For installation instructions, please take a look at the installation section of the main tutorial. Note that in order to simulate data, you will need the most recent version of the SLiM software (version 3.6 or later). Similarly, if you would like to process tree-sequence data generated by slendr & SLiM from R, you will need a working Python environment with the modules tskit and pyslim (see the relevant vignette for more detail).
The main dependency of slendr is the R package sf, which it uses for manipulation of geospatial data. In turn, sf depends on several external pieces of software which sometimes need to be installed. That said, if you can successfully install sf by running install.packages("sf") you will be good to go. In case you run into trouble, following sf's installation guidelines has so far always been a success.
Here is a small demonstration of what slendr is designed to do. We want to simulate spatiotemporal data representing the history of modern humans in Eurasia after the Out of Africa migration. This example will be quite brief, for more details, please see the tutorial vignette.
First, we define the spatial context of the simulation. This will be the entire "world" which will be occupied by populations in our model. Note that in the world definition, we are explicitly stating which projected Coordinate Reference System (CRS) will be used to represent landscape features, distances in kilometers, etc.
library(slendr)
map <- world(
xrange = c(-15, 60), # min-max longitude
yrange = c(20, 65), # min-max latitude
crs = "EPSG:3035" # real projected CRS used internally
)We can visualize the defined world map using the generic function plot provided by the package.
plot(map)
Although in this example we use a real Earth landscape, the map can be completely abstract (either blank or with user-defined landscape features such as continents, islands, corridors and barriers).

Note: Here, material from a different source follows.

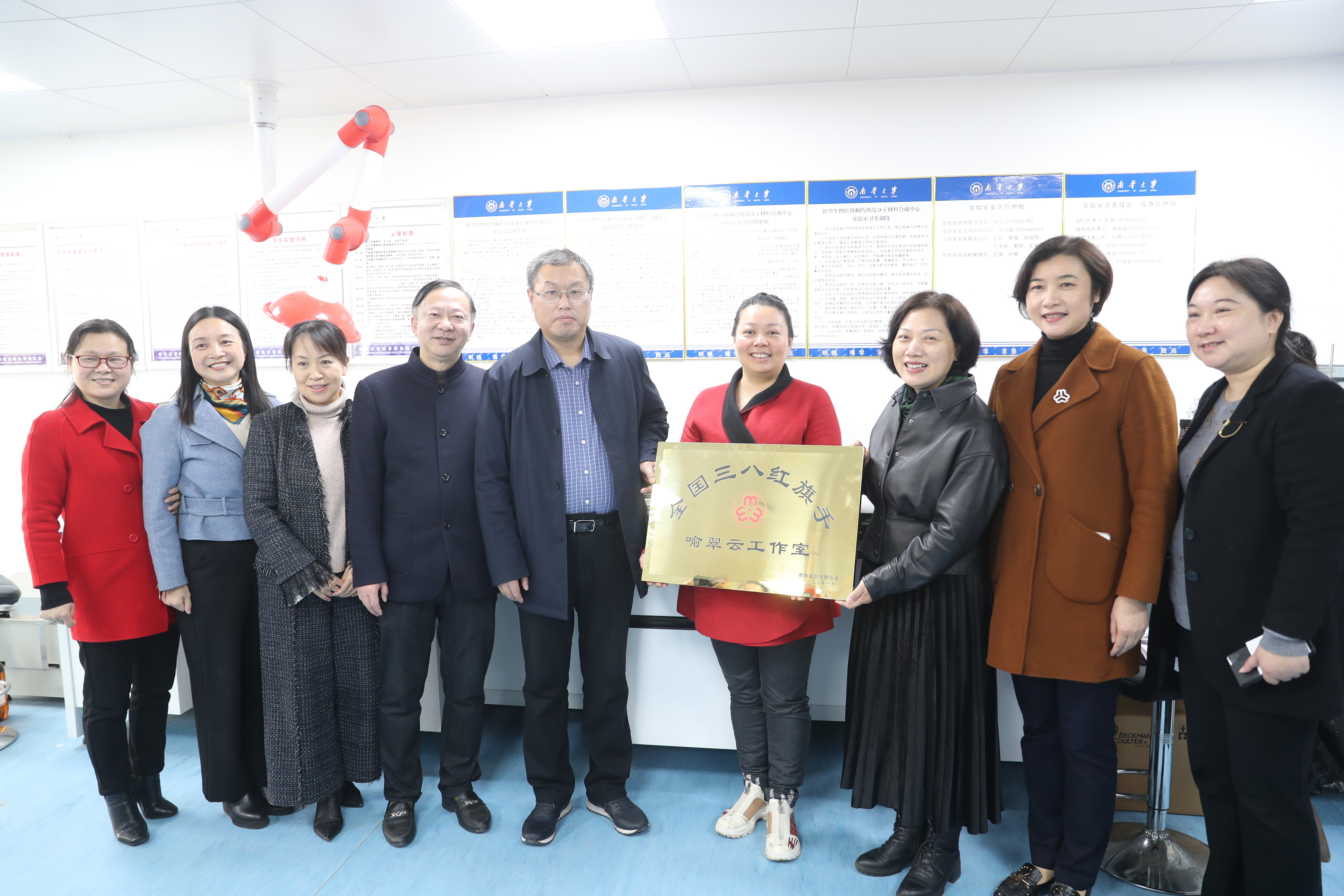 3月3日上午,全国三八红旗手喻翠云工作室授牌仪式在南华大学医研楼五楼举行,省妇联副主席卢妹香、南华大学副校长姜志胜共同为喻翠云授牌——“全国三八红旗手喻翠云工作室”,出席仪式的还有市妇联党组书记、主席谌惠渝,市妇联党组成员、副主席龙华、 廖朝霞,及南华大学工会常务副主席潘本衡、药学院党委书记袁中华、院长喻翠云等相关部门人员。

In order to make building of population boundaries easier, we can define smaller regions on the map using the function region.
Note all coordinates of are specified in the geographic coordinate system (degrees longitude and latitude), but are internally represented in a projected CRS. This makes it easier to define spatial features simply by reading the coordinates from any regular map but makes simulations more accurate (distances and shapes are not distorted because we can use a CRS tailored to the region of the world we are working with).
africa <- region(
"Africa", map,
polygon = list(c(-18, 20), c(40, 20), c(30, 33),
c(20, 32), c(10, 35), c(-8, 35))
)
europe <- region(
"Europe", map,
polygon = list(
c(-8, 35), c(-5, 36), c(10, 38), c(20, 35), c(25, 35),
c(33, 45), c(20, 58), c(-5, 60), c(-15, 50)
)
)
anatolia <- region(
"Anatolia", map,
polygon = list(c(28, 35), c(40, 35), c(42, 40),
c(30, 43), c(27, 40), c(25, 38))
)Again, we can use the generic plot function to visualize the objects:
plot(africa, europe, anatolia)
The most important function in the package is population, which is used to define names, split times, sizes and spatial ranges of populations. Here, we specify times in years before the present, distances in kilometers. If this makes more sense for your models, times can also be given in a forward direction.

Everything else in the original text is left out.